The behavior of such a control policy is discussed by focusing on the convergence issue with a relation to the transition structure of $M_{\infty}$ . We are concerned with a question about the existence of a finite time $K<\infty$ such that $\phi_{k}=\pi^{*}(H)_{1}$ for all $k>K$ for the infinite sequence $\{\phi_{k}\}$ .

II Off-line Synchronous Policy Iteration with Policy Switching

To start with, we present an algorithm of off-line synchronous policy iteration (PI) combined with a multi-policy improvement method of policy switching for solving $M_{H}$ . In what follows, we assume that $V^{\pi}_{0}=0_{X}$ for any $\pi\in\Pi(X)^{H}$ for simplicity. (The topic about how to set $V^{\pi}_{0}$ is beyond the scope of this note.)

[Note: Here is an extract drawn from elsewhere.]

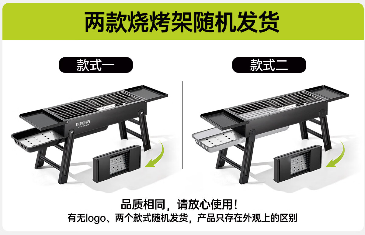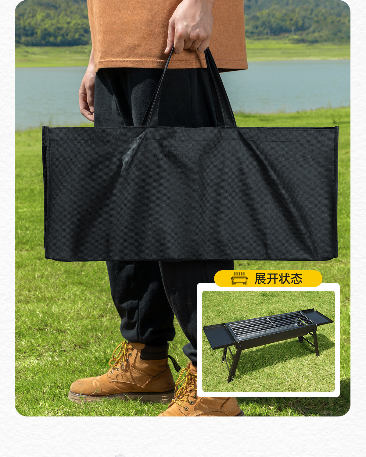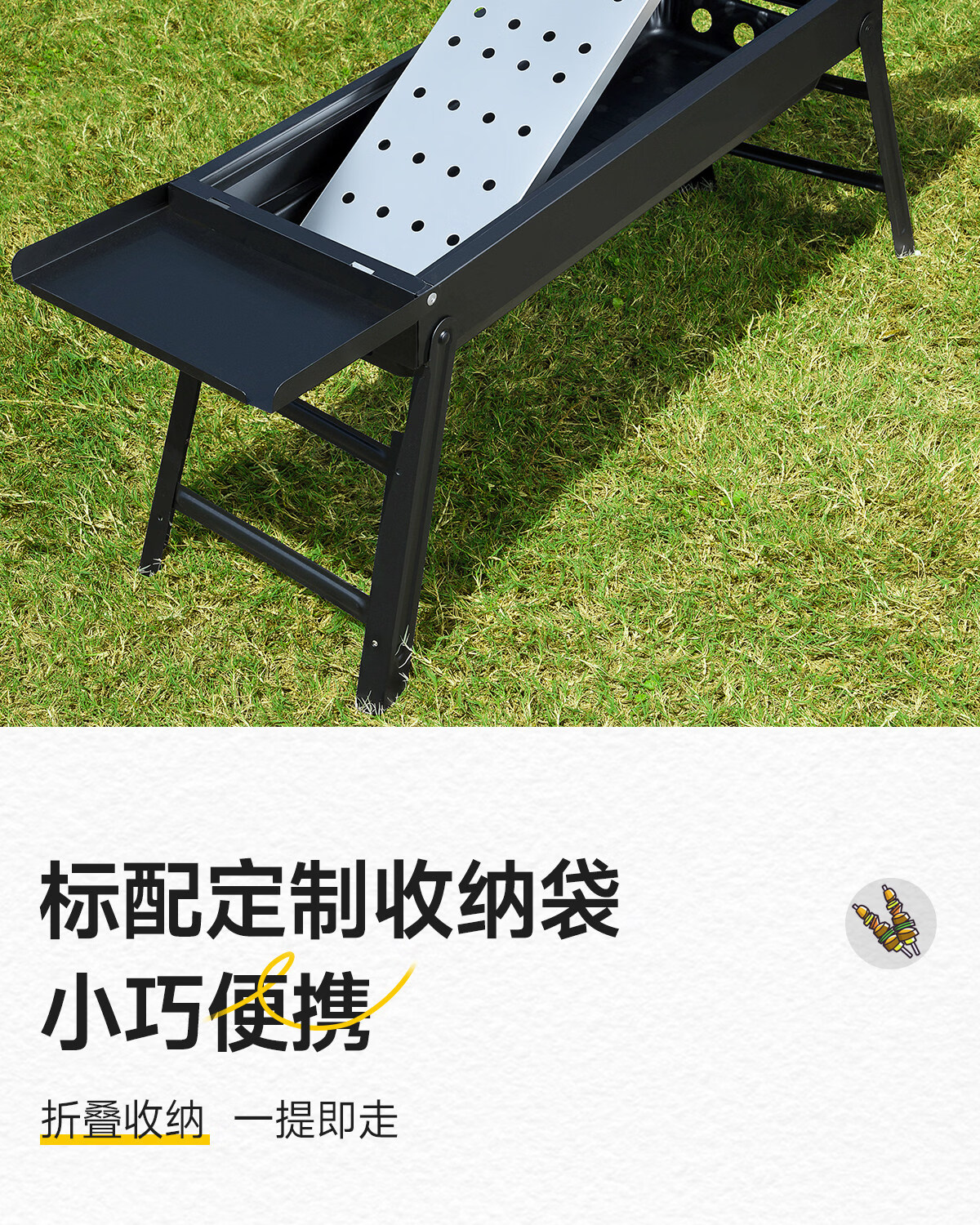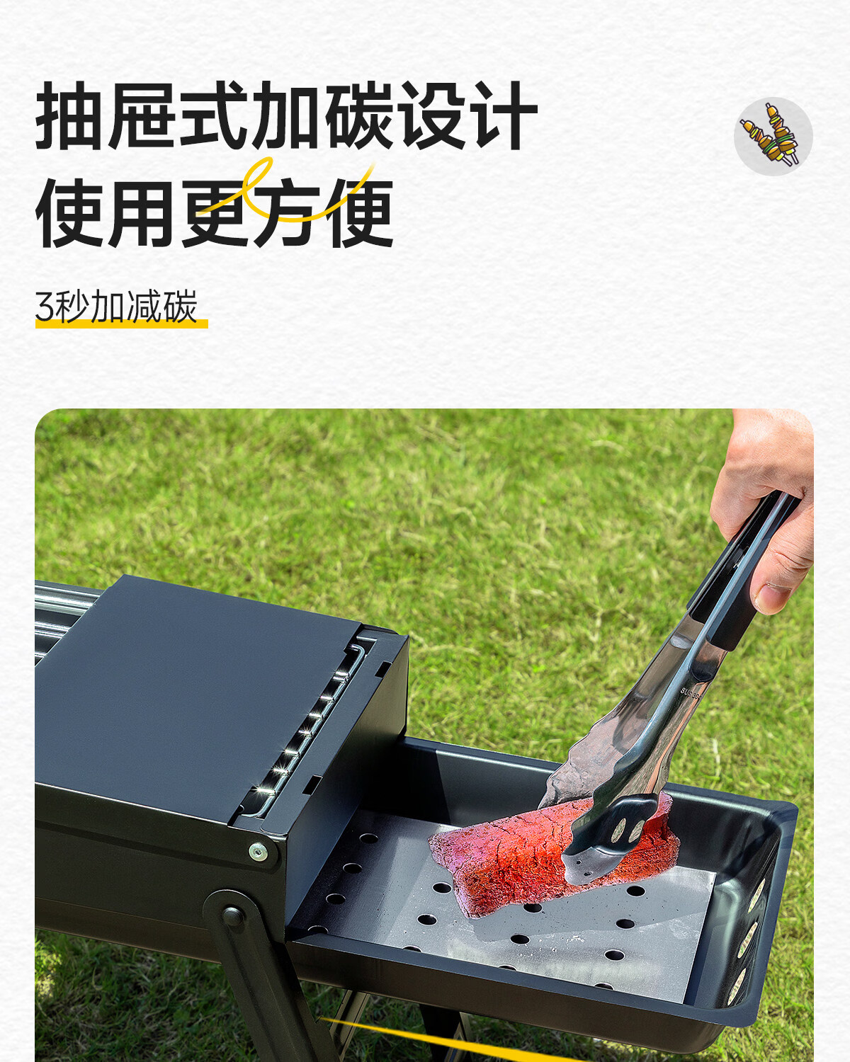 荒野拾光烧烤炉户外木炭烧烤架便携可折叠烧烤炉木碳烤羊串炉烧烤箱套装 加厚双翼【全套省心20件套】+304烤网+5斤碳+送收纳袋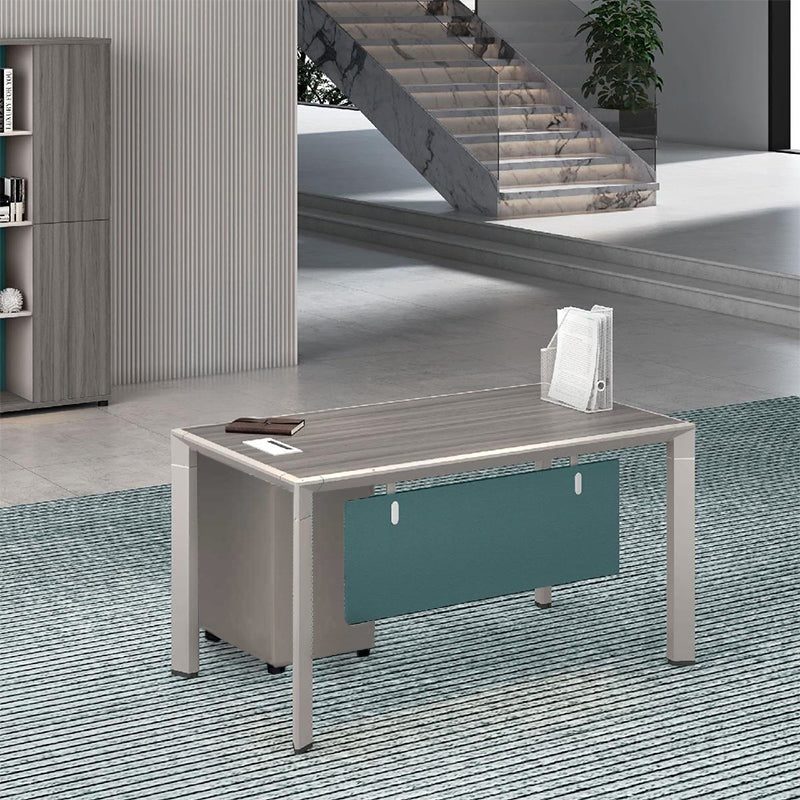 シンプルで現代的なデザインが特徴で、色合いは落ち着いたグレー木目と爽やかなターコイズブルーのアクセントで、オフィス空間に明るさを加えます。

Theorem II.1 (Theorem 2 [3])

Given a nonempty $\Delta\subseteq\Pi(X)^{H}$ , construct policy switching with $\Delta$ in $\Pi(X)^{H}$ as $\pi_{\mathrm{ps}}(\Delta)$ such that for each possible pair of $x\in X$ and $h\in\{1,...,H\}$ ,

\pi_{\mathrm{ps}}(\Delta)_{h}(x)=\phi^{*}_{h}(x)\mbox{ where }\phi^{*}\in\mathop{\mbox{\rm arg\,max}}_{\phi\in\Delta}V^{\phi}_{H-h+1}(x).

Then $V^{\pi_{\mathrm{ps}}(\Delta)}_{H}\geq V^{\phi}_{H}$ for all $\phi\in\Delta$ .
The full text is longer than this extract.